Each entry should be transcribed exactly as written, and any picture left out.

===== DATA TO USE =====

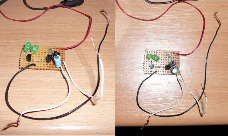 Einmal den Transistor und einmal den NE555. Der NE555 ist ein bischen schwerer. Verbraucht auch mehr Saft. Die Zeit lässt sich genauso gut /schlecht bei beiden einstellen jedoch kann ich den NE555 nur bis 16 sec einstellen und den Transistor bis 30sec. (Gleicher Kondensator und Einstellpoti)
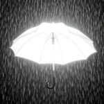 Vibrant white shelter shines amid a storm of black-and-white rain.
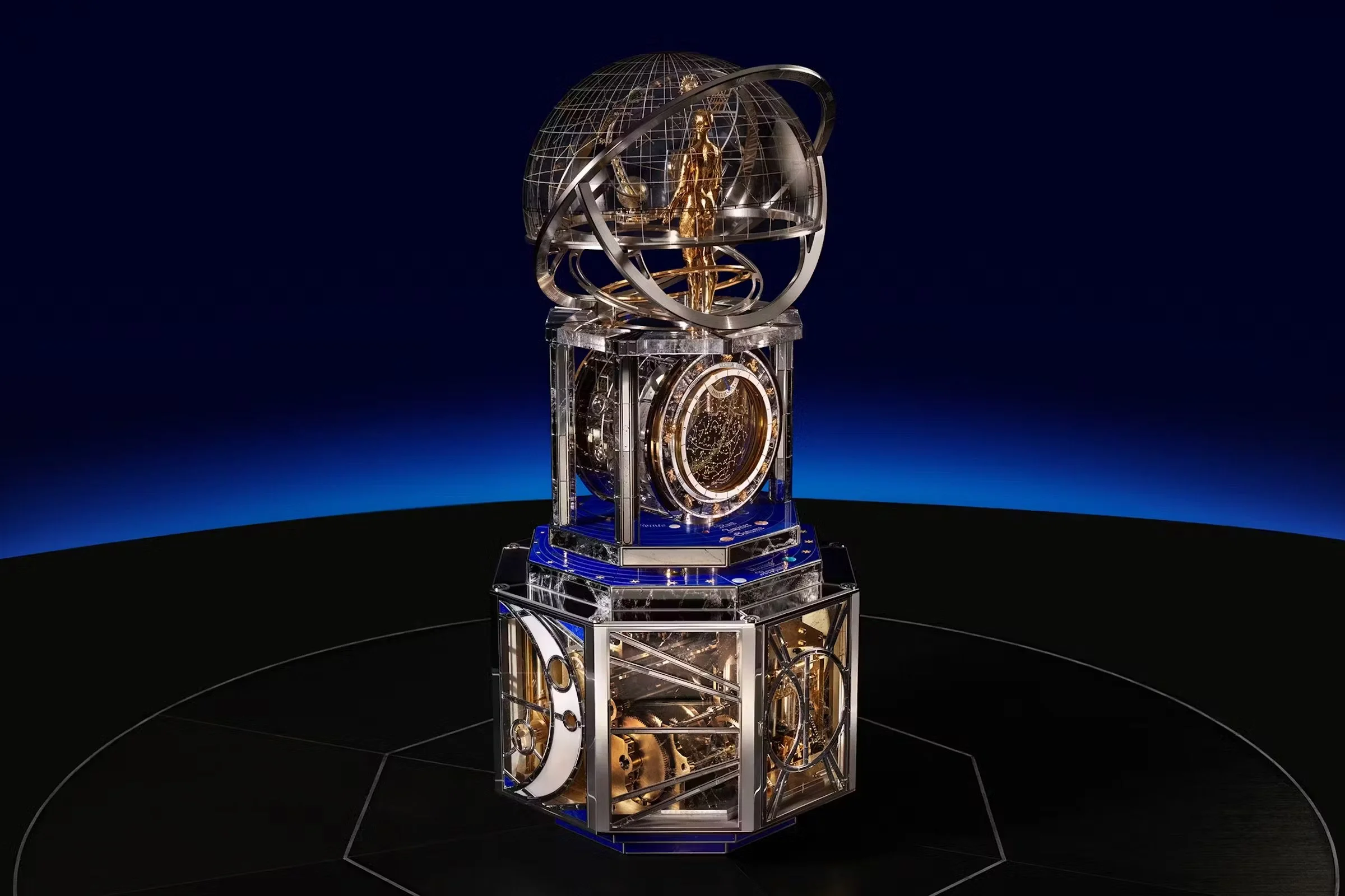La Quête du Temps was conceived over seven years of development, bringing together the finest watchmakers, automaton specialists, decorative artists, and astronomers. It unites disciplines across science and art, embodying the Maison’s enduring pursuit of beauty translated into mechanics.
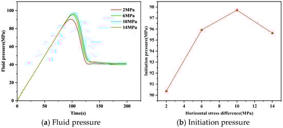 Fluid pressure and initiation pressure of different horizontal stress differences.
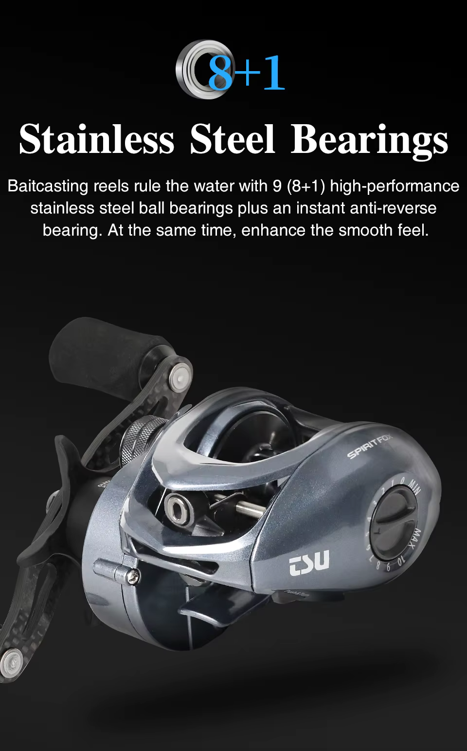 Ambos extremos del carrete utilizan rodamientos de acero inoxidable NMB para mejorar la precisión y suavidad del lanzamiento.
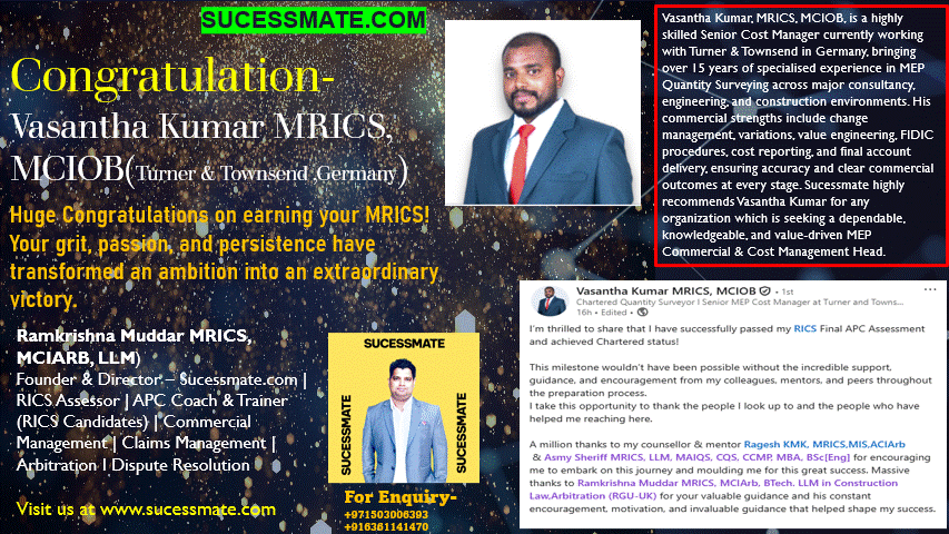 I am delighted to recommend Mr.Ramkrishna Muddar ,founder & director sucessmate for his outstanding support during my MRICS journey. He was my go-to mentor throughout the APC process, he offered clear, practical guidance on case-study development, patiently walked me through each stage, and ran focused QA sessions that addressed both technical detail and presentation technique.
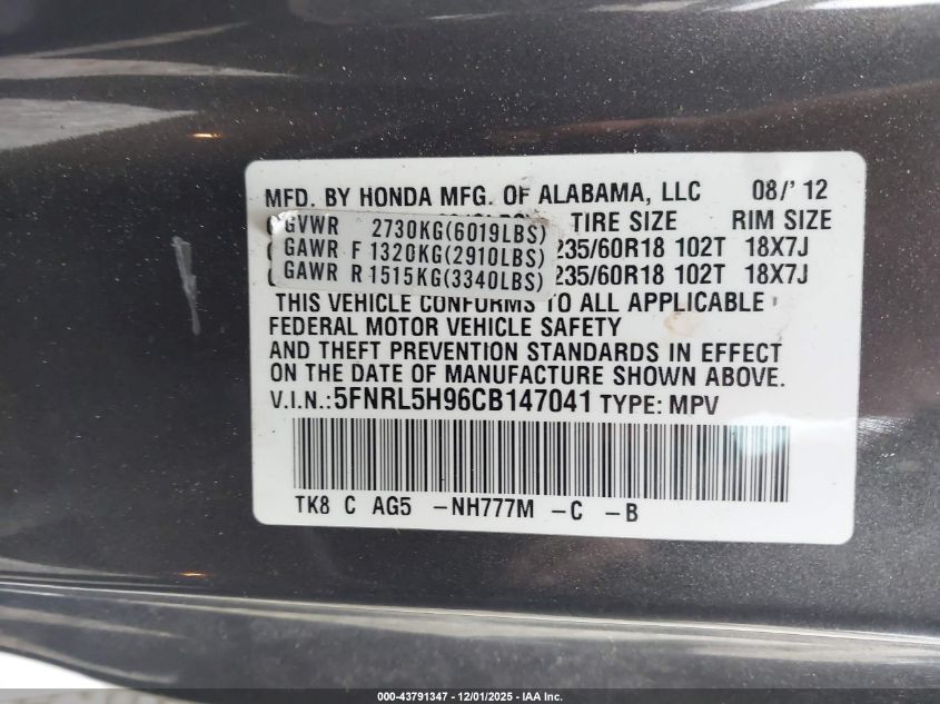 Колір СірийЦиліндри 6Привід Передній привідVIN 5FNRL5H96CB147041Стан Заводиться та їде (перевірено)Ушкодження Передня або задня AutoRIA
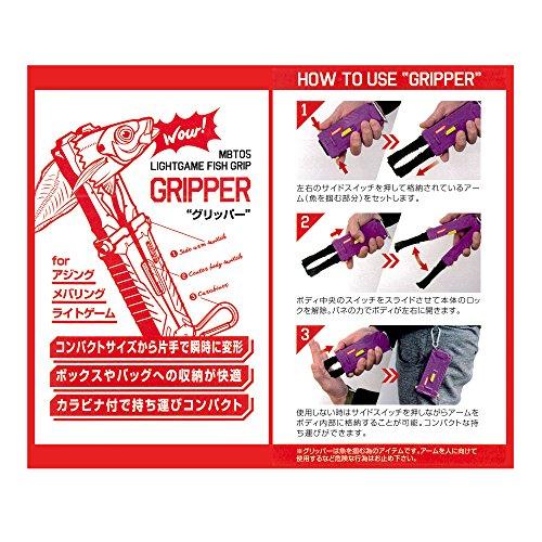 通常1-5営業日で発送:変形するフィッシュグリップ! 本体両サイドに付いたスイッチを押し込む事でアームが飛び出しセッティング完了。収納時も両サイドのスイッチを押しながらアームを押し込むと収納できます。カラビナ付きで持ち運びも便利。遊び心を加えたフィッシュグリップです。
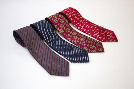 L'une à motif de chiens sur fond rouge, l'une à décor de pois su...
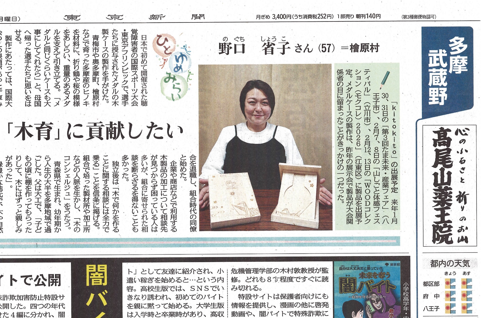 東京新聞に掲載されました
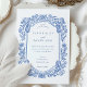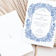 Diese anspruchsvolle Hochzeitseinladung besticht durch ein handgemaltes Blumendesign in einem auffallenden Kobaltblau. Die Blumenmotive umrahmen die Hochzeitsdetails mit einem zarten, naturlich inspirierten Rahmen und schaffen eine elegante und zeitlose Ästhetik. Der saubere, weiße Hintergrund hebt den Kontrast der blauen Blumenelemente hervor, während das minimalistische Layout des Textes dem klassischen Werk eine moderne Touch verleiht. Auf der Rückseite der Karte befindet sich ein einfaches, minimalistisches Monogramm, das ein persönliches und raffiniertes Element hinzufügt. Ideal für traditionelle, rustikale Hochzeiten oder Hochzeiten mit Gartenmotiven vereint diese Einladung die Schönheit der Natur und des Kunsthandwerks mit ihrem detaillierten und eleganten Design.
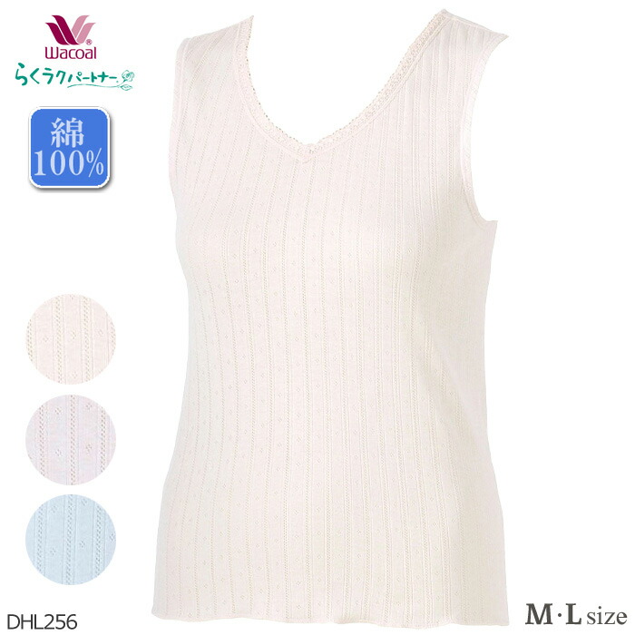 ワコール Wacoal らくラクパートナー (M・Lサイズ)涼感肌着 タンクトップ 身生地綿100% インナーウェアメール便1点まで DHL246の後継品 DHL256 【P】
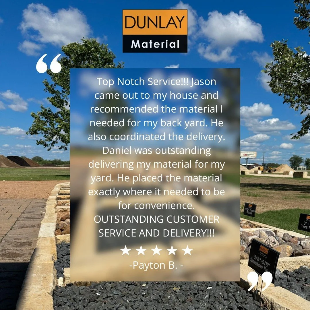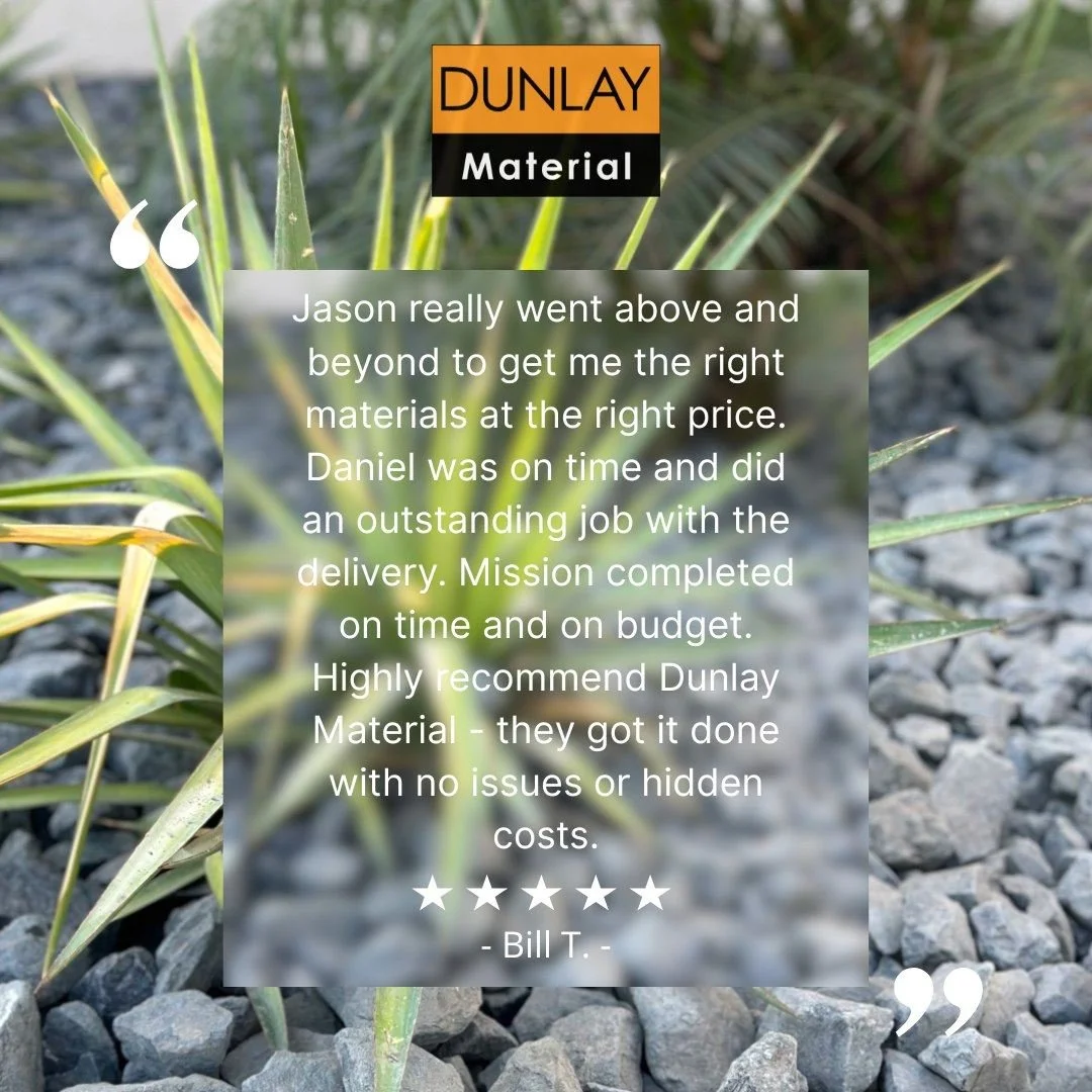 As a trusted name in the landscape material industry, Dunlay Material is dedicated to providing top-notch products and exceptional customer service. We pride ourselves on having friendly and knowledgeable Team members who go above and beyond to provide solutions tailored to each client's specific needs. Dunlay Material is committed to making your outdoor projects as stress-free as possible. Online ordering allows you to conveniently browse our wide selection of Base, Rock, Mulch, and Soil and place your order from anywhere at anytime! We understand that time is valuable for both homeowners and contractors, which is why we offer fast delivery services for all orders. We look forward to creating a lasting relationship with you and assisting with all your landscape material needs!
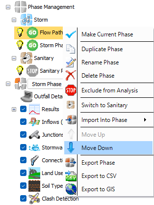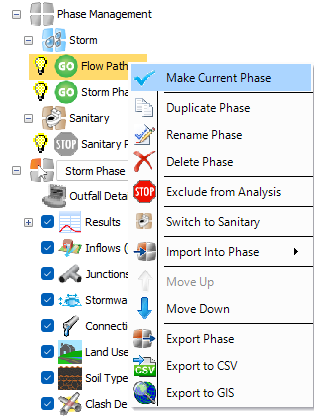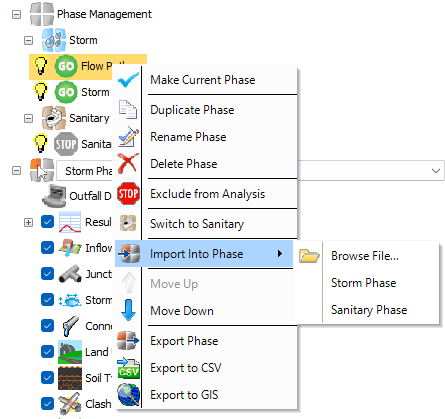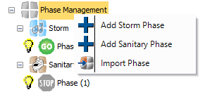 Right-clicking the Phase Management will display a menu that provides the Add Storm Phase or Add Sanitary Phase option. Selecting this option will create a new, empty phase and will select it on the Phase Selector ready for editing.
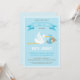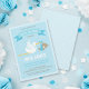 Adorable Blue Baby Shower invitation featuring a stork making a special delivery; a baby bear. This makes a cute invitation for a boy baby shower. Invitation also includes a patterned back side.
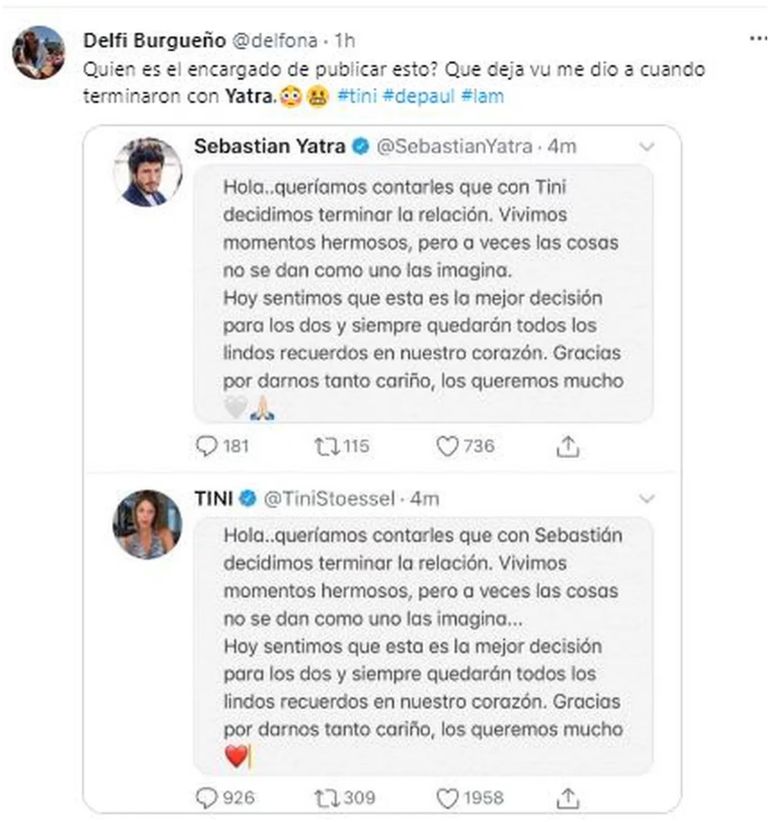 En la noche del martes Tini Stoessel y Rodrigo de Paul sorprendieron a todos al anunciar su separación. La cantante y el futbolista decidieron terminar su relación y las versiones del por qué tomaron esta decisiones son miles, sin embargo, algunos usuarios descubrieron una similitud con la separación que la artista tuvo con Sebastián Yatra.
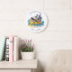 Pretty Christmas clock with a pretty watercolor log cabin and pine trees.

=====

*COMPLETED TASK*.
 Einmal den Transistor und einmal den NE555. Der NE555 ist ein bischen schwerer. Verbraucht auch mehr Saft. Die Zeit lässt sich genauso gut /schlecht bei beiden einstellen jedoch kann ich den NE555 nur bis 16 sec einstellen und den Transistor bis 30sec. (Gleicher Kondensator und Einstellpoti)
 Vibrant white shelter shines amid a storm of black-and-white rain.
La Quête du Temps was conceived over seven years of development, bringing together the finest watchmakers, automaton specialists, decorative artists, and astronomers. It unites disciplines across science and art, embodying the Maison’s enduring pursuit of beauty translated into mechanics.
 Fluid pressure and initiation pressure of different horizontal stress differences.
 Ambos extremos del carrete utilizan rodamientos de acero inoxidable NMB para mejorar la precisión y suavidad del lanzamiento.
 I am delighted to recommend Mr.Ramkrishna Muddar ,founder & director sucessmate for his outstanding support during my MRICS journey. He was my go-to mentor throughout the APC process, he offered clear, practical guidance on case-study development, patiently walked me through each stage, and ran focused QA sessions that addressed both technical detail and presentation technique.
 Колір СірийЦиліндри 6Привід Передній привідVIN 5FNRL5H96CB147041Стан Заводиться та їде (перевірено)Ушкодження Передня або задня AutoRIA
 通常1-5営業日で発送:変形するフィッシュグリップ! 本体両サイドに付いたスイッチを押し込む事でアームが飛び出しセッティング完了。収納時も両サイドのスイッチを押しながらアームを押し込むと収納できます。カラビナ付きで持ち運びも便利。遊び心を加えたフィッシュグリップです。
 L'une à motif de chiens sur fond rouge, l'une à décor de pois su...
 東京新聞に掲載されました
 Diese anspruchsvolle Hochzeitseinladung besticht durch ein handgemaltes Blumendesign in einem auffallenden Kobaltblau. Die Blumenmotive umrahmen die Hochzeitsdetails mit einem zarten, naturlich inspirierten Rahmen und schaffen eine elegante und zeitlose Ästhetik. Der saubere, weiße Hintergrund hebt den Kontrast der blauen Blumenelemente hervor, während das minimalistische Layout des Textes dem klassischen Werk eine moderne Touch verleiht. Auf der Rückseite der Karte befindet sich ein einfaches, minimalistisches Monogramm, das ein persönliches und raffiniertes Element hinzufügt. Ideal für traditionelle, rustikale Hochzeiten oder Hochzeiten mit Gartenmotiven vereint diese Einladung die Schönheit der Natur und des Kunsthandwerks mit ihrem detaillierten und eleganten Design.
 ワコール Wacoal らくラクパートナー (M・Lサイズ)涼感肌着 タンクトップ 身生地綿100% インナーウェアメール便1点まで DHL246の後継品 DHL256 【P】
 As a trusted name in the landscape material industry, Dunlay Material is dedicated to providing top-notch products and exceptional customer service. We pride ourselves on having friendly and knowledgeable Team members who go above and beyond to provide solutions tailored to each client's specific needs. Dunlay Material is committed to making your outdoor projects as stress-free as possible. Online ordering allows you to conveniently browse our wide selection of Base, Rock, Mulch, and Soil and place your order from anywhere at anytime! We understand that time is valuable for both homeowners and contractors, which is why we offer fast delivery services for all orders. We look forward to creating a lasting relationship with you and assisting with all your landscape material needs!
 Right-clicking the Phase Management will display a menu that provides the Add Storm Phase or Add Sanitary Phase option. Selecting this option will create a new, empty phase and will select it on the Phase Selector ready for editing.
 Adorable Blue Baby Shower invitation featuring a stork making a special delivery; a baby bear. This makes a cute invitation for a boy baby shower. Invitation also includes a patterned back side.
 En la noche del martes Tini Stoessel y Rodrigo de Paul sorprendieron a todos al anunciar su separación. La cantante y el futbolista decidieron terminar su relación y las versiones del por qué tomaron esta decisiones son miles, sin embargo, algunos usuarios descubrieron una similitud con la separación que la artista tuvo con Sebastián Yatra.
 Pretty Christmas clock with a pretty watercolor log cabin and pine trees.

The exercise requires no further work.